Groundbreaking scientific research is offering hope for paraplegics who have suffered severe spinal cord injuries. Through a process combining a non-invasive brain-machine interface (BMI) with virtual and mechanical actuators, eight patients who have been paralyzed for five to thirteen years reported being able to feel sensations in their legs. These patients also exhibited improvement in voluntary muscle movement below the level of their spinal cord injury.
In the year-long study, part of the Walk Again Neurorehabilitation (or WA-NR) project, patients received a combination of visual and tactile feedback during their training – the goal being to restore autonomous movement. By the last month of training, motor recovery showed significant improvement.
The training employed three elements:
- EEG-based BMI for initiating lower limb motor movements, such as walking, standing, etc.
- Multi-channel haptic display sensory remapping systems to deliver visual and tactile feedback, and
- Physical training using a combination of robotic Body Weight Support (BWS) systems, overground BWS systems (ZeroG), and robotic exoskeletons.
A BCI (Brain-Computer Interface) can be used to help paraplegic patients gain feeling and mobility.

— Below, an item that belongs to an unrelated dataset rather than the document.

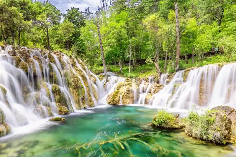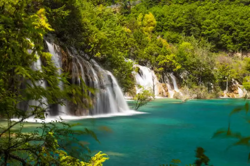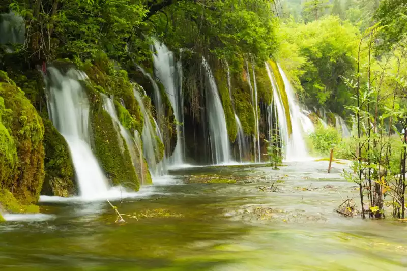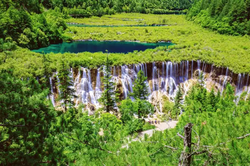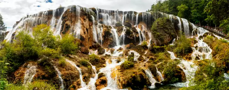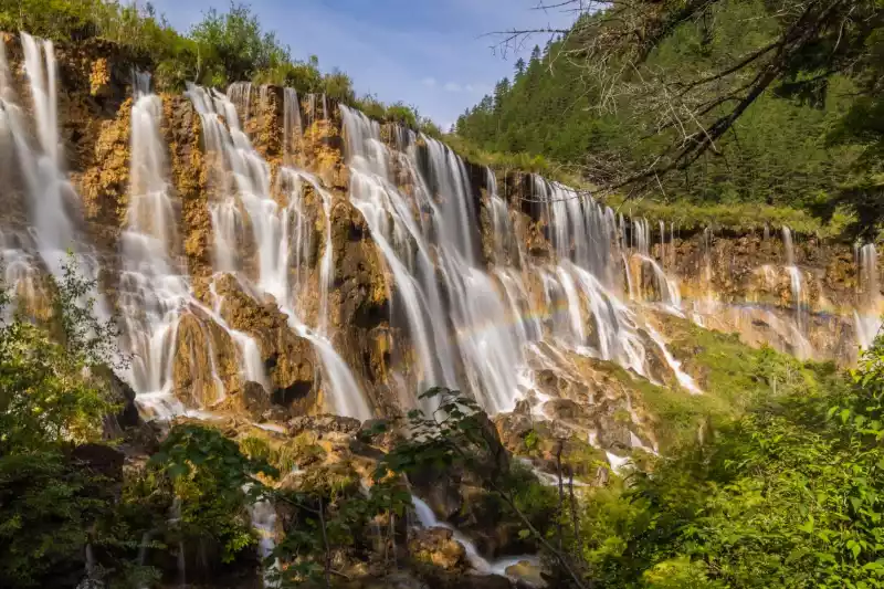 Nuorilang is the central area of Jiuzhai, where there is the only service center in the panoramic area, and the Nuorilang Waterfall, which is famous throughout the country for "Journey to the West". Compared with other waterfalls in Jiuzhai, Nuorilang Waterfall is characterized by being wide enough, although the drop is not very large, but the momentum is powerful. In the morning, you can also see the rainbow on the waterfall from the side angle.

Initially, paraplegic patients used the virtual reality component of the system to control movements of an avatar. Over the course of the treatment, researchers believe the patients were able to reestablish a connection with nerves that had not been damaged during the injury that had caused the paralysis, but that had lain dormant because of an interruption in neurological transmissions. The scientists hypothesize that the protocols they used triggered partial recovery to the point where almost half of the participants of the Walk Again Project were upgraded from permanent to partial paralysis.
The impact of the study is such that the researchers are recommending that Brain-Machine Interface technology be implemented as a necessary component of neurorehabilitation therapy because of its ability to restore (albeit limited) neurological functionality.
In the next phase of the research, scientists will work with paraplegic individuals in whom there is not such a large gap between injury occurrence and beginning BMI treatment, believing that a quicker response time will generate even better results.